● YOUR TASK: Using the listing below, give again exactly the lines from the line with "Deze prachtige ketting" to the line with "Bordato a punto gambero in azzurro", inclusive, without the pictures.

● DATA SUPPLIED:

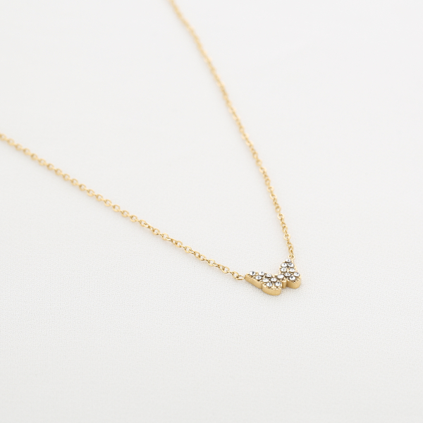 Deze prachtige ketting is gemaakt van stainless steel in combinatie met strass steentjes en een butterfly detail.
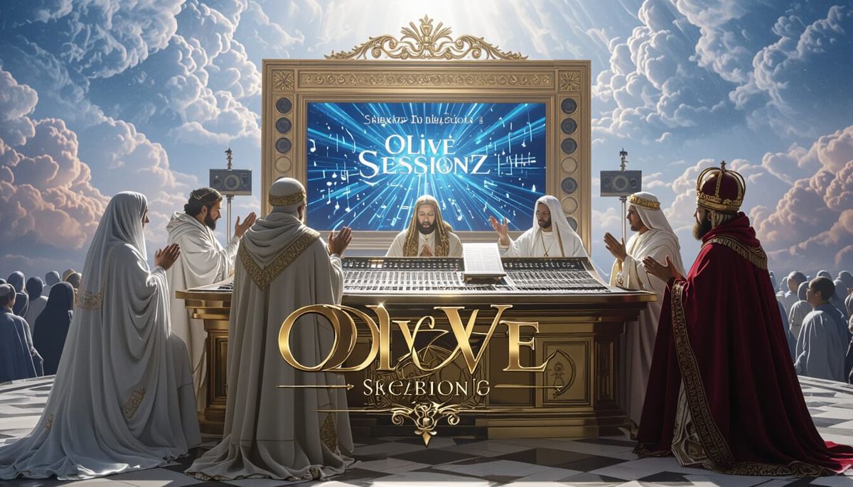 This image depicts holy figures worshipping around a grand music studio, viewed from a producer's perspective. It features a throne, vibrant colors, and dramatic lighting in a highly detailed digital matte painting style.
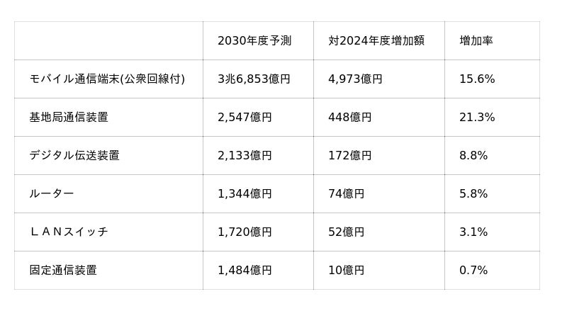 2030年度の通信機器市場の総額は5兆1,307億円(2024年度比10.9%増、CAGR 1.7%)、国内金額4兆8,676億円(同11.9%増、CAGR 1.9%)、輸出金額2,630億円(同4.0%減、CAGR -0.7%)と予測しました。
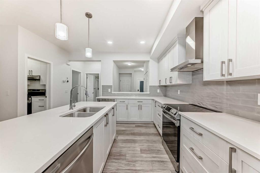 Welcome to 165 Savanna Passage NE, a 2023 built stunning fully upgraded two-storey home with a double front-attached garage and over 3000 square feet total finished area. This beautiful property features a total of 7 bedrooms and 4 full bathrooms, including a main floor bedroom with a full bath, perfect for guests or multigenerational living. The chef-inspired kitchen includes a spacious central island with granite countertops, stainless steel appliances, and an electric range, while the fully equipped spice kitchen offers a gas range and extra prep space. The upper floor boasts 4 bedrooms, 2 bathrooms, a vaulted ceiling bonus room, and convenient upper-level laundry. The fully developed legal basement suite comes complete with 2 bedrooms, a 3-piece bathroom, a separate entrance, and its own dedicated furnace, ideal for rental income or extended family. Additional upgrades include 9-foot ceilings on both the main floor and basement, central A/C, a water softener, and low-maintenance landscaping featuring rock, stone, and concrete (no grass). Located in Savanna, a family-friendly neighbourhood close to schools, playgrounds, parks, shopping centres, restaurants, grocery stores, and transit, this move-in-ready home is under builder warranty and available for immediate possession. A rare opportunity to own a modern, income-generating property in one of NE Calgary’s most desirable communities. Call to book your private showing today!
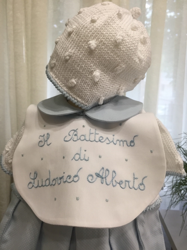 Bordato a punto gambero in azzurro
* * *
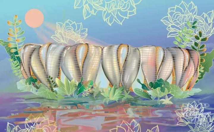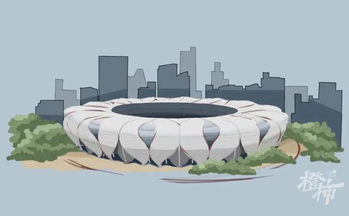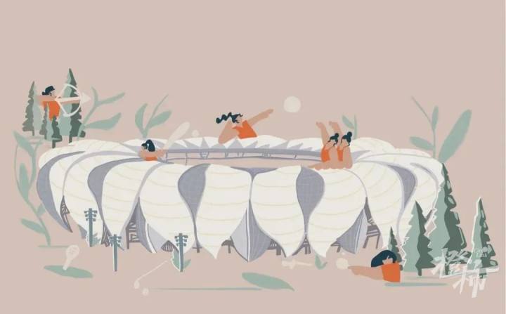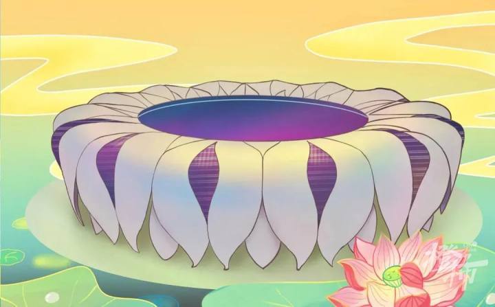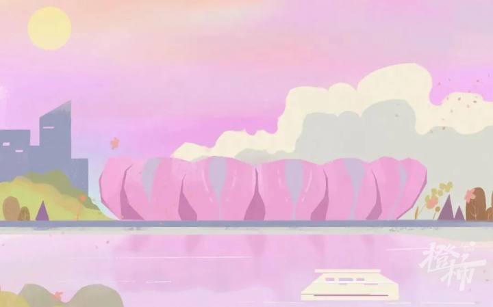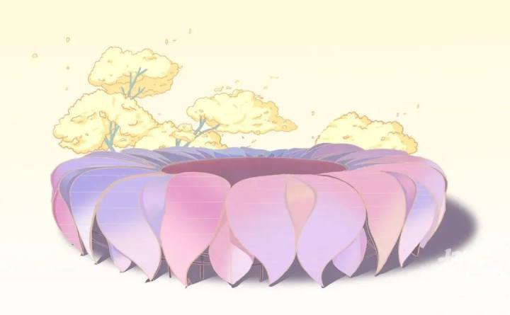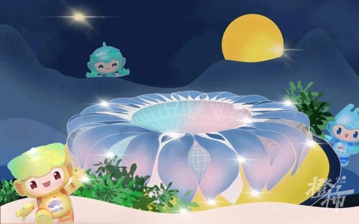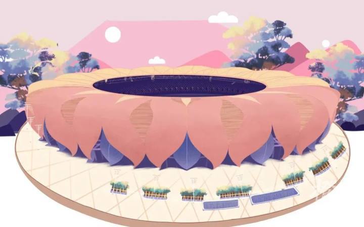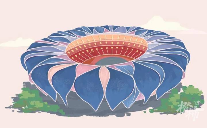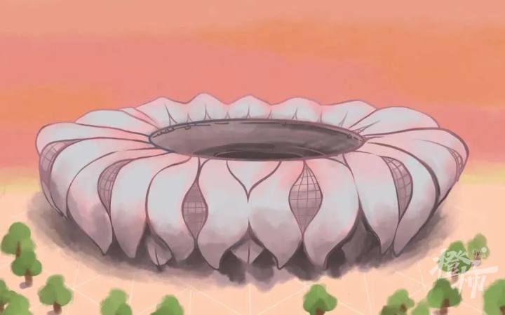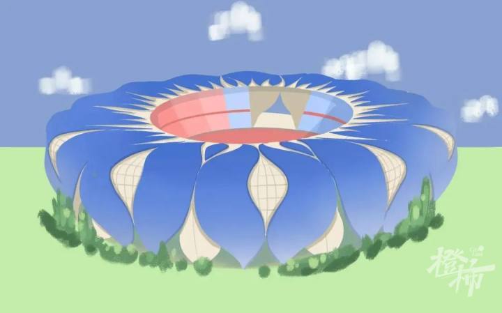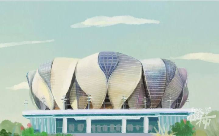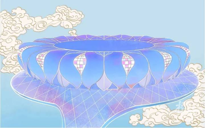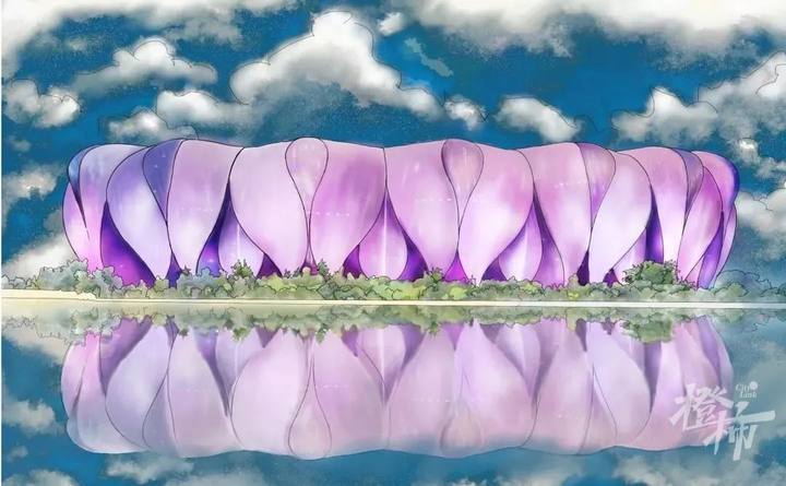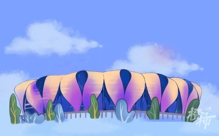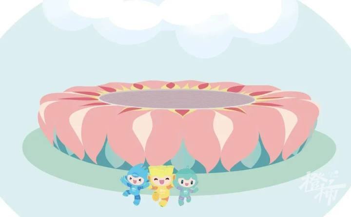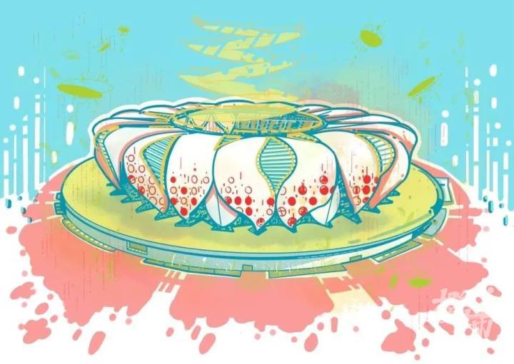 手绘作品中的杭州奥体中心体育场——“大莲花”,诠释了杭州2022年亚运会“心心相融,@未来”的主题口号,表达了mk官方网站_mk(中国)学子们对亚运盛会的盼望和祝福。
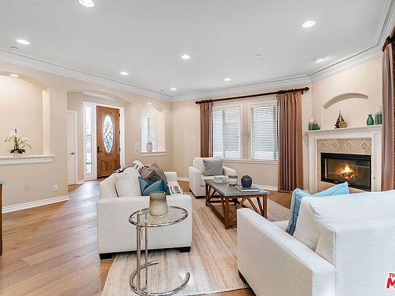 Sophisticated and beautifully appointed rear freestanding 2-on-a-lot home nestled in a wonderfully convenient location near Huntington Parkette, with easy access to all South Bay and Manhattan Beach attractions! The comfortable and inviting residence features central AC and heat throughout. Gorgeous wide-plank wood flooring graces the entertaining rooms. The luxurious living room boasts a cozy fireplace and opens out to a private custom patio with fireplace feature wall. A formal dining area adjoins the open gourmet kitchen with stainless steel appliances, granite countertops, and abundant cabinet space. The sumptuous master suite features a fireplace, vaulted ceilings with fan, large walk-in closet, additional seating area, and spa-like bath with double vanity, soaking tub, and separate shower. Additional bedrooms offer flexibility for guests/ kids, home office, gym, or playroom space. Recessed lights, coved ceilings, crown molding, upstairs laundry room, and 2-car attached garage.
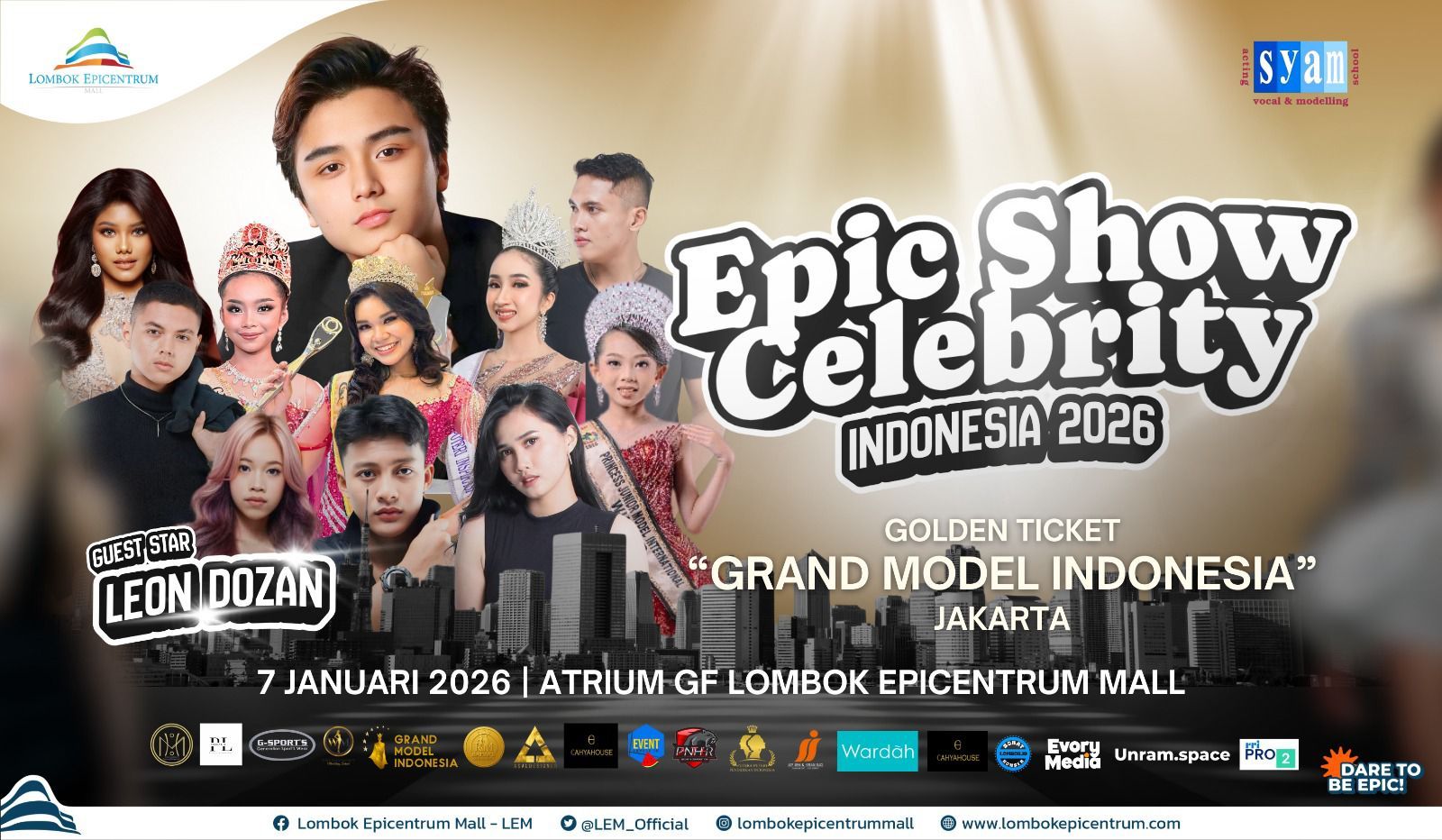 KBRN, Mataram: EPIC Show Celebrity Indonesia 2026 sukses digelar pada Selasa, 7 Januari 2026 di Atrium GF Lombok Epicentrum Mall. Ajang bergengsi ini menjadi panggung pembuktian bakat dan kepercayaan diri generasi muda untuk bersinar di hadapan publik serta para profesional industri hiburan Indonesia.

● TASK SOLUTION:
 Deze prachtige ketting is gemaakt van stainless steel in combinatie met strass steentjes en een butterfly detail.
 This image depicts holy figures worshipping around a grand music studio, viewed from a producer's perspective. It features a throne, vibrant colors, and dramatic lighting in a highly detailed digital matte painting style.
 2030年度の通信機器市場の総額は5兆1,307億円(2024年度比10.9%増、CAGR 1.7%)、国内金額4兆8,676億円(同11.9%増、CAGR 1.9%)、輸出金額2,630億円(同4.0%減、CAGR -0.7%)と予測しました。
 Welcome to 165 Savanna Passage NE, a 2023 built stunning fully upgraded two-storey home with a double front-attached garage and over 3000 square feet total finished area. This beautiful property features a total of 7 bedrooms and 4 full bathrooms, including a main floor bedroom with a full bath, perfect for guests or multigenerational living. The chef-inspired kitchen includes a spacious central island with granite countertops, stainless steel appliances, and an electric range, while the fully equipped spice kitchen offers a gas range and extra prep space. The upper floor boasts 4 bedrooms, 2 bathrooms, a vaulted ceiling bonus room, and convenient upper-level laundry. The fully developed legal basement suite comes complete with 2 bedrooms, a 3-piece bathroom, a separate entrance, and its own dedicated furnace, ideal for rental income or extended family. Additional upgrades include 9-foot ceilings on both the main floor and basement, central A/C, a water softener, and low-maintenance landscaping featuring rock, stone, and concrete (no grass). Located in Savanna, a family-friendly neighbourhood close to schools, playgrounds, parks, shopping centres, restaurants, grocery stores, and transit, this move-in-ready home is under builder warranty and available for immediate possession. A rare opportunity to own a modern, income-generating property in one of NE Calgary’s most desirable communities. Call to book your private showing today!
 Bordato a punto gambero in azzurro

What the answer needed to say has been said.